Tuesday, May 29, 2012

Weekend warriors

We spent the vast majority of our Memorial Day weekend wrestling with nets and wire panels, struggling to fashion some sort of containment arrangement for our tomato and strawberry planters.

Because once these are all gone?
Apparently now it is Open Season on everything else.
The squirrels, who previously had only arranged the occasional marauding party to steal fruit before it was quite ripe enough to pick by human standards, stepped up their game big time last week.
We are now thinking of this nonstop animal attack on our food crops as our own mini-version of Resident Evil. Simply substitute squirrels for zombies and tomatoes or strawberries for, well, brains, OK?  I realize as metaphor it isn't perfect, but work with me. 

So far, zombies have stripped the tomato plants of nearly every single brain, including our biggest, best hope for a huge slicing brain, leaving us only with a few flowers and teensy cherry brains up at the now bent-over-by-their-own-"protective netting" plant tops.
With no dogs running in the yard, if we are going to seriously attempt growing any sort of fruit at all we probably ought to simply must construct a large permanent enclosure to protect our harvests from the squirrels, raccoons, birds and armadillos.  This is something I learn and (apparently) unlearn annually, seeing as we still don't have any sort of dedicated enclosure in place.
Rather we seemed doomed to set in place a series of what were unsuccessful annoyances.  Obstacles but not insurmountable ones.  Whether or not I got organized in time, the Resident Evil were clearly already being drawn to the brains, and they recently began obnoxiously rubbing our noses in the truth their 24/7 access is an advantage they will not ignore.

NOW I remember why I felt so conflicted when I first bought those teeny tiny starter brains in 4 inch pots earlier this season.

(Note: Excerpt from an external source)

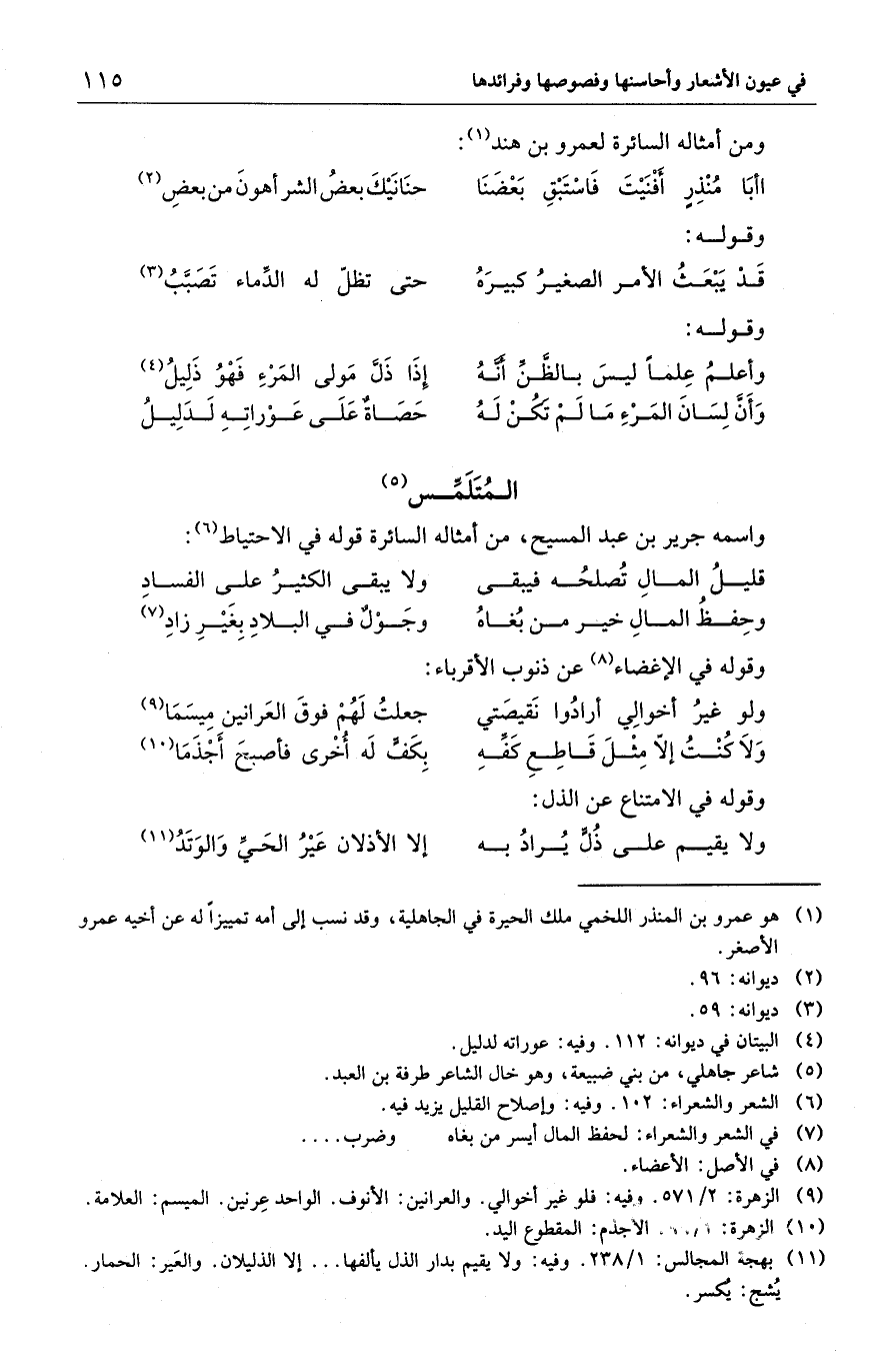 اأبَا مُنْذِرٍ أَفْنَيْتَ فَاسْتَبْقِ بَعْضَنَا ... حنَانَيْكَ بعضُ الشر أهونَ من بعضِ

Somehow I knew putting those innocents out in our yard would eventually turn out to be the first salvo in what has become full scale warfare.   Introducing my totally inelegant "I told you we might need all those twist ties and bread wrapper closures!" anti Zombie Maginot Line.

Yeah.  And I'm not even French.  Bring it, zombie squirrels!

2 comments:

Tina said...

You're so funny! I'm fortunate, mostly I only have a pair of mockingbirds who nibble here and there. It was annoying though when he/she would eat only a small part of the blackberry, rendering it uneatable for me and mine. Good luck with the enclosures.

TexasDeb said...

Thank you Tina! I will take every single tiny bit of good luck on offer. So far the enclosures are working, but I know it is early on in the game, I can all but feel the squirrels thinking about what their next move will be.